WHAT YOU NEED TO DO: Your answer should hold exactly the lines below from the line with "5月12日,湖州德清縣康乾街" through the line with "Купить Унитаз подвесной", both included, and no pictures at all.
──────── RECORDS FOR THIS TASK ────────
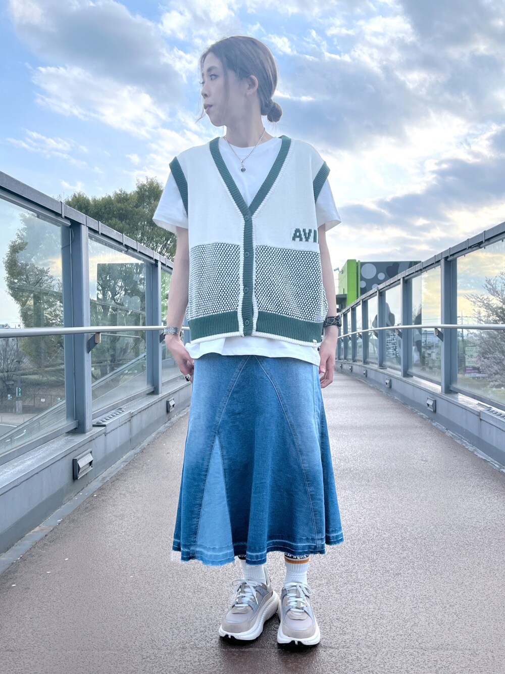 WEB&DEPOT限定🧸 半袖Tシャツにニットベストで レイヤードコーデです🌟 半袖TはFREEサイズでも 大きめに着れました‼️ ニットベストは薄手で 春仕様になってます‼️ サイズはざっくりです🙆♀️ スカートはストレッチ素材で ウエストの後ろ部分ゴムなので 履きやすいですよ‼️ Tシャツ/F ニットベスト/F スカート/S 通販可能です⭕️ AVIREX DEPOT入間 📞04-2902-5073
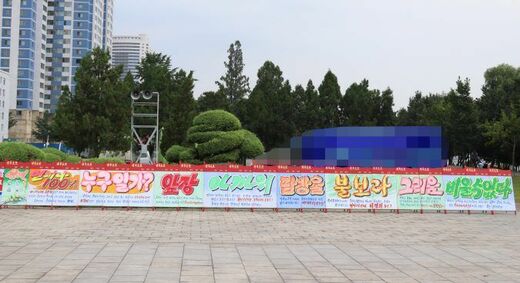 広場にある手描きのプロパガンダパネルには、多くのメッセージが書き出されている。
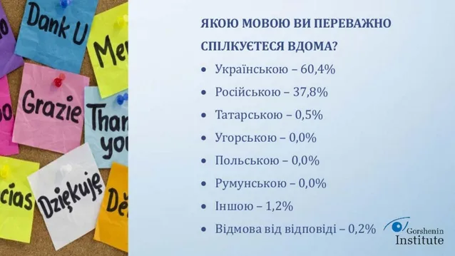60,4% українців, які взяли участь в опитуванні, зізнались, що вдома переважно спілкуються українською мовою, натомість 37,8% – російською, іншими мовами – 1,6%.
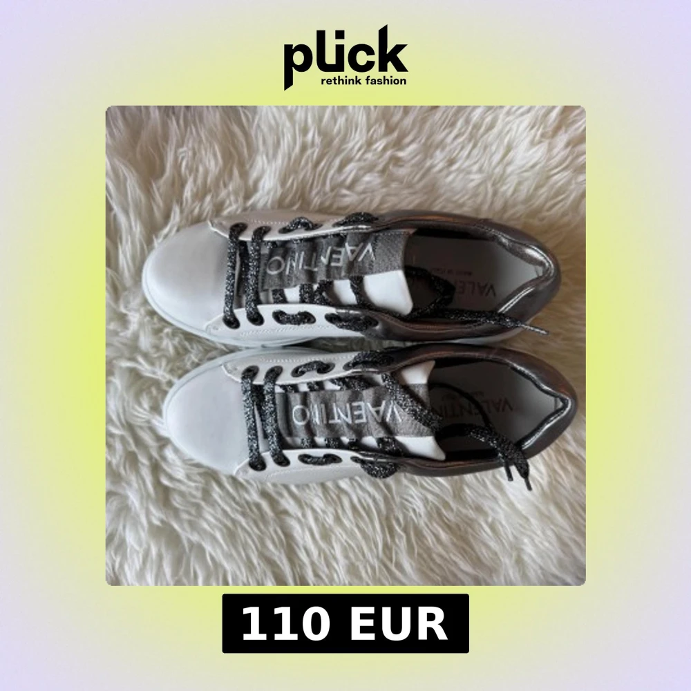 Snygga Valentino sneakers i vitt skinn med metallic-silver detaljer och glittriga svarta snören.
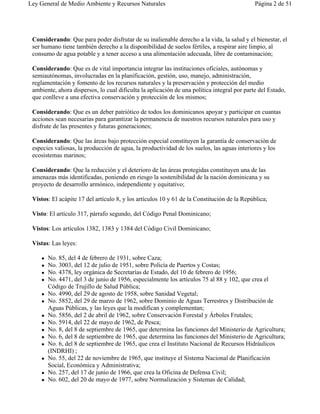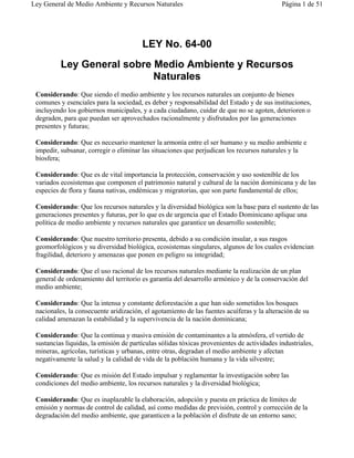 Este documento presenta la Ley General de Medio Ambiente y Recursos Naturales de la República Dominicana. Considera que el medio ambiente y los recursos naturales son bienes comunes que deben ser protegidos y aprovechados de manera sostenible para las generaciones presentes y futuras. También considera la necesidad de integrar las instituciones involucradas en la gestión de recursos naturales y el medio ambiente para aplicar una política ambiental efectiva. Finalmente, enumera las leyes existentes relacionadas con el medio ambiente y los recursos naturales.
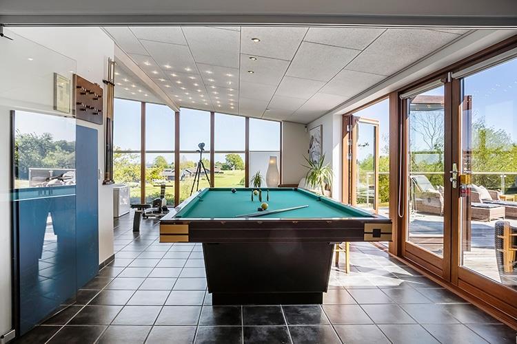 Her er et billardbord, så I måske i familien kan udfordre hinanden til en hygge-dyst. Fjernsyn med danske kanaler og gratis internet.
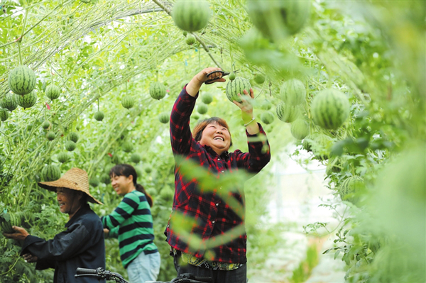 5月12日,湖州德清縣康乾街道的新田瓜蔬種植基地,瓜農正在采摘“空中西瓜”。該基地采用隧道棚攀爬栽培技術種植的網架西瓜陸續成熟,瓜形漂亮,甜度更高,提高了土地利用率和產出率,效益比普通西瓜高出近一半。該基地與浙江大學合作建立西瓜新品種產業化基地,將自動滴灌、遠程數據采集、智能電力溫控等技術應用于農業生產,推動瓜蔬種植現代化、智能化,助力鄉村振興。(謝尚國)
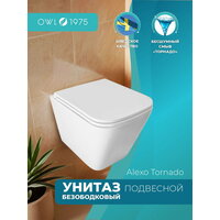Купить Унитаз подвесной OWL 1975 Alexo Tornado 490х340х350 безободковый с сидением микролифт, скрытое торнадо с доставкой по всей России.
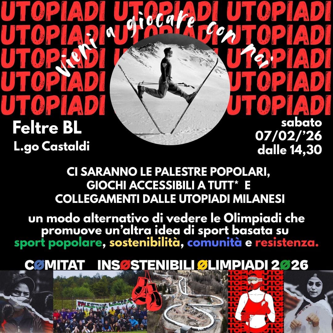 FELTRE Sabato 7 febbraio, a partire dalle ore 14.30, Piazza Vittorino da Feltre (Piazza Isola) ospiterà un pomeriggio di sport popolare e attività collettive aperte a tutte le età, nell’ambito dell’iniziativa “Da Milano a Feltre, insieme per le Utopiadi”. L’evento si svolgerà in concomitanza con le giornate di apertura delle Olimpiadi Milano-Cortina 2026 e prevede momenti di socialità, attività sportive e riflessioni su temi legati al territorio e all’organizzazione dell’evento olimpico. Saranno presenti musica e interventi pubblici dedicati a vari aspetti sociali, tra cui trasporti, scuola, sanità, lavoro e ambiente. Organizzatori e partecipanti invitano la cittadinanza a prendere parte all’iniziativa, che si propone come occasione di incontro e condivisione di esperienze legate allo sport e alla vita comunitaria. Benedetto Calderone tra i rappresentanti del Comitato Insostenibili Olimpiadi, “C.I.O.” ha dichiarato: “Un evento che non nasce in contrasto con lo spirito olimpico, ma piuttosto con le Olimpiadi delle élite che non sono di tutti, men che meno del territorio che le ospita”. Il comitato sottolinea le sue ragioni: “Nella narrazione mainstream dovevano essere Olimpiadi a costo zero, non dovevano avere un impatto ambientale, dovevano essere dei giochi popolari e partecipati ma invece non è stato così. Per questo motivo poteremo in piazza in maniera goliardica gli sport quali basket, pallavolo, ping pong, calcetto balilla, birilli, boxe, ovvero dei giochi aperti a tutti per mostrare il vero spirito popolare che si è decantato. Sottolineo che come comitato non siamo contro le Olimpiadi e lo sport in generale. Contestiamo in particolare la presenza di Israele, una nazione, secondo il nostro comitato genocidaria, e che non rispetta i valori di fratellanza dei giochi olimpici. Approfondiremo anche il piano economico delle Olimpiadi Milano Cortina 2026 che non sono a costo zero e fino a questo momento ci sono costate 6 miliardi. Sottolineeremo il grande impatto ambientale perché per la realizzazione delle opere sono stati abbattuti alberi e c’è un allarme PFAS per tutto il cemento spostato.”
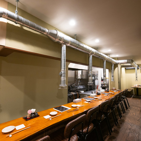 木の温もりが心地よいカウンター席は、落ち着いた雰囲気でゆっくり過ごせる人気のお席。目の前で調理が見えるライブ感も楽しめます。デートで会話が弾む距離感はもちろん、サクッと飲みたい時にも使いやすい、気軽で居心地のよいカウンターです。
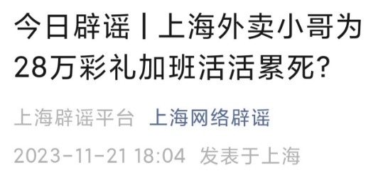 11月20日,上海網(wǎng)絡(luò)辟謠微信官方賬號(hào)發(fā)布辟謠文章。針對近日網(wǎng)傳“為掙28萬彩禮娶媳婦,上海外賣小哥活活累死”一事,經(jīng)過核查發(fā)現(xiàn),事件純屬自媒體捏造散布。
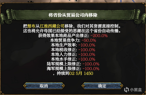這個修正足以讓這些省份的商品產出和貿易價值爲零,請不要隨便添加公司然後再移除。注意,如果你將首都遷移到一個擁有貿易公司的次大陸,這些省份也會被移除出貿易公司並且獲得這項修正(請提前規劃好遷都位置)。
────────
SOLUTION FOR THIS TASK:
 5月12日,湖州德清縣康乾街道的新田瓜蔬種植基地,瓜農正在采摘“空中西瓜”。該基地采用隧道棚攀爬栽培技術種植的網架西瓜陸續成熟,瓜形漂亮,甜度更高,提高了土地利用率和產出率,效益比普通西瓜高出近一半。該基地與浙江大學合作建立西瓜新品種產業化基地,將自動滴灌、遠程數據采集、智能電力溫控等技術應用于農業生產,推動瓜蔬種植現代化、智能化,助力鄉村振興。(謝尚國)
Купить Унитаз подвесной OWL 1975 Alexo Tornado 490х340х350 безободковый с сидением микролифт, скрытое торнадо с доставкой по всей России.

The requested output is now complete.